The ODinW dataset requires a specific directory structure:

```
/path/to/odinw_data/
├── odinw13_config.py          # Dataset configuration file (required)
├── AerialMaritimeDrone/       # Individual datasets
│   ├── large/
│   │   ├── train/
│   │   └── test/
│   └── tiled/
├── Aquarium/
├── Cottontail Rabbits/
├── EgoHands/
├── NorthAmerica Mushrooms/
├── Packages/
├── Pascal VOC/
├── Pistols/
├── Pothole/
├── Raccoon/
├── ShellfishOpenImages/
├── Thermal Dogs and People/
└── Vehicles OpenImages/
```

**Important**: The `odinw13_config.py` file must contain:
- `datasets`: List of dataset configurations
- `dataset_prefixes`: List of dataset names

## Quick Start

### 1. Inference

Run inference on the ODinW dataset using an instruct model:

```bash
bash infer_instruct.sh
```

Or customize the inference:

```bash
python run_odinw.py infer \
    --model-path /path/to/Qwen3-VL-Instruct \
    --data-dir /path/to/odinw_data \
    --output-file results/odinw_predictions.jsonl \
    --max-new-tokens 32768 \
    --temperature 0.7 \
    --top-p 0.8 \
    --top-k 20 \
    --repetition-penalty 1.0 \
    --presence-penalty 1.5
```

For thinking models with extended reasoning:

```bash
bash infer_think.sh
```

### 2. Evaluation

Evaluate the inference results using COCO metrics:

```bash
bash eval_instruct.sh
```

Or customize the evaluation:

```bash
python run_odinw.py eval \
    --data-dir /path/to/odinw_data \
    --input-file results/odinw_predictions.jsonl \
    --output-file results/odinw_eval_results.json
```

## Detailed Usage

### Inference Mode

**Basic Arguments:**
- `--model-path`: Path to the Qwen3-VL model directory (required)
- `--data-dir`: Path to ODinW data directory containing `odinw13_config.py` (required)
- `--output-file`: Path to save inference results in JSONL format (required)

**vLLM Arguments:**
- `--tensor-parallel-size`: Number of GPUs for tensor parallelism (default: auto-detect)
- `--gpu-memory-utilization`: GPU memory utilization ratio, 0.0-1.0 (default: 0.9)
- `--max-model-len`: Maximum model context length (default: 128000)
- `--max-images-per-prompt`: Maximum images per prompt (default: 10)
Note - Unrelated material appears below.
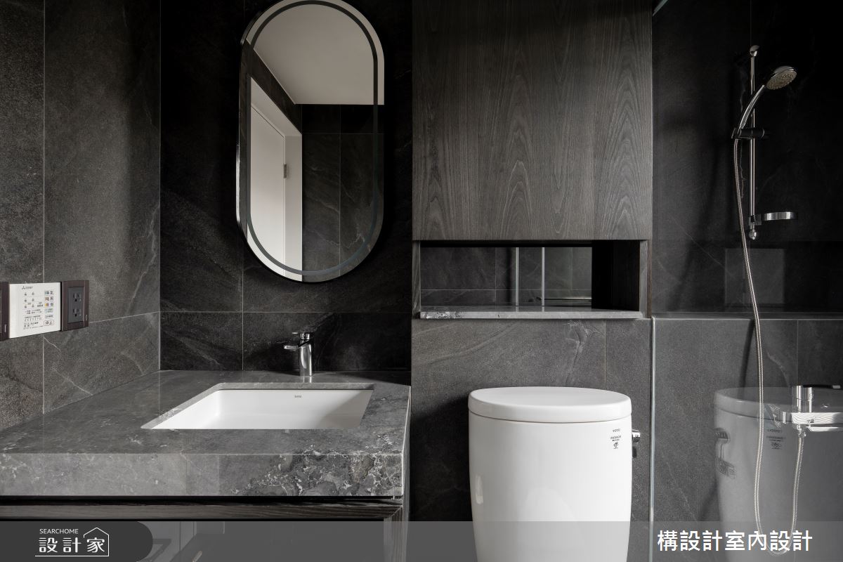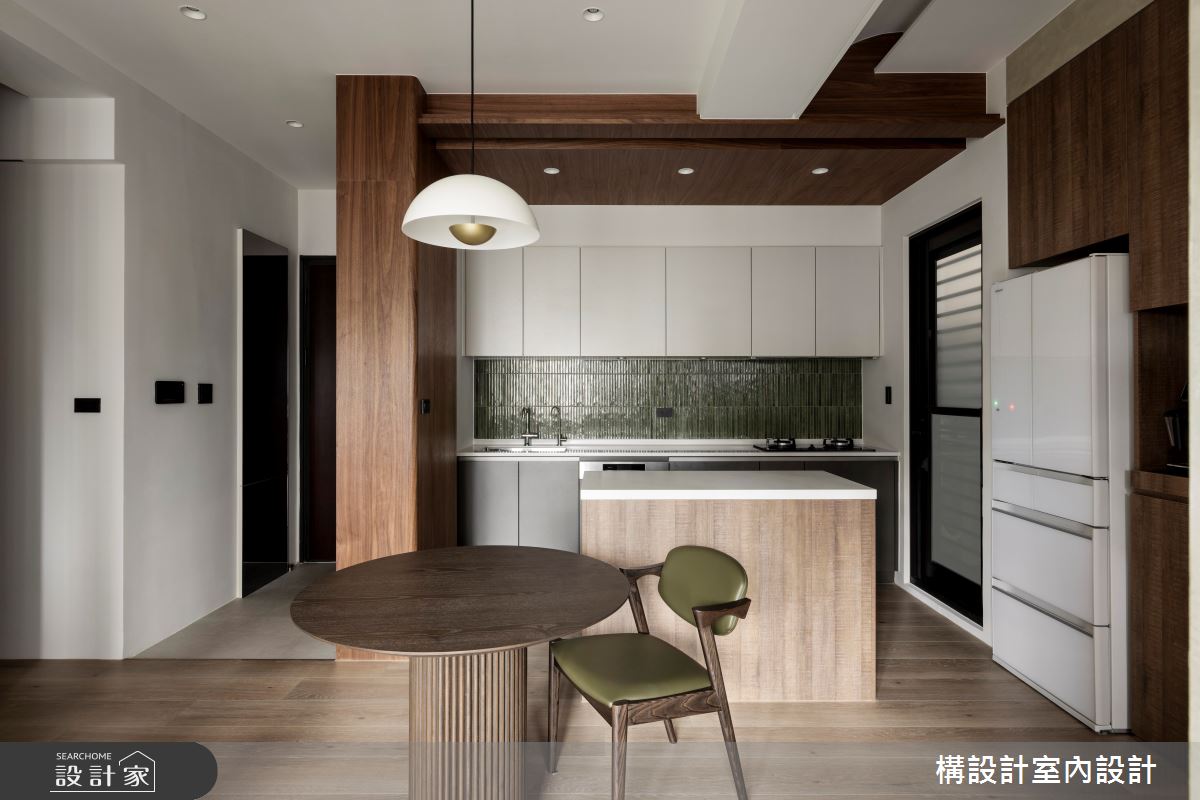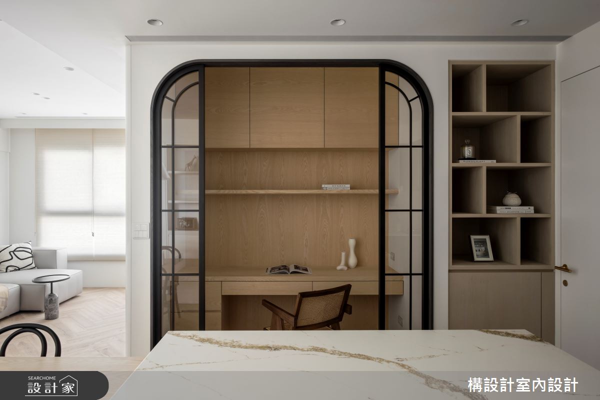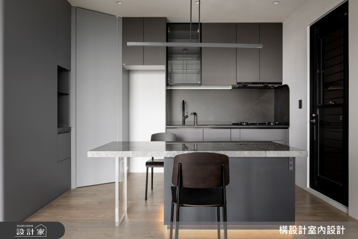 由構設計精心規劃的16坪兩房住宅空間,家庭成員一共有1位大人。因應屋主需求,設計師運用現代風作為主軸,搭配大理石、木皮、超耐磨地板、烤漆,打造全家人的夢想家居。

**Generation Parameters:**
- `--max-new-tokens`: Maximum tokens to generate (default: 32768)
- `--temperature`: Sampling temperature (default: 0.7)
- `--top-p`: Top-p sampling (default: 0.8)
- `--top-k`: Top-k sampling (default: 20)
- `--repetition-penalty`: Repetition penalty (default: 1.0)
- `--presence-penalty`: Presence penalty to reduce repetition (default: 1.5)

### Evaluation Mode

**Basic Arguments:**
- `--data-dir`: Path to ODinW data directory containing `odinw13_config.py` (required)
- `--input-file`: Inference results file in JSONL format (required)
- `--output-file`: Path to save evaluation results in JSON format (required)

## Output Files

### Inference Output

The inference script generates two files:

1. **Predictions file** (`odinw_predictions.jsonl`): JSONL file where each line contains:
```json
{
  "question_id": 0,
  "annotation": [...],
  "extra_info": {
    "dataset_name": "AerialMaritimeDrone_large",
    "img_id": 1,
    "anno_path": "/path/to/annotations.json",
    "resized_h": 640,
    "resized_w": 640,
    "img_h": 1080,
    "img_w": 1920,
    "img_path": "/path/to/image.jpg"
  },
  "result": {
    "gen": "[{\"bbox_2d\": [x1, y1, x2, y2], \"label\": \"boat\"}, ...]",
    "gen_raw": "Raw model output including thinking process"
  },
  "messages": [...]
}
```

2. **Dataset config file** (`odinw_predictions_datasets.json`): Configuration for evaluation

### Evaluation Output

The evaluation script generates a JSON file with results for each dataset:

```json
{
  "AerialMaritimeDrone_large": {
    "mAP": 0.456,
    "mAP_50": 0.678,
    "mAP_75": 0.512,
    "mAP_s": 0.234,
    "mAP_m": 0.456,
    "mAP_l": 0.567
  },
  "Aquarium_Aquarium Combined.v2-raw-1024.coco": {
    ...
  },
  ...
  "Average": 0.423
}
```

**Evaluation Metrics:**
- **mAP**: Mean Average Precision at IoU 0.5:0.95 (primary metric)
- **mAP_50**: mAP at IoU threshold 0.5
- **mAP_75**: mAP at IoU threshold 0.75
- **mAP_s**: mAP for small objects (area < 32²)
- **mAP_m**: mAP for medium objects (32² < area < 96²)
- **mAP_l**: mAP for large objects (area > 96²)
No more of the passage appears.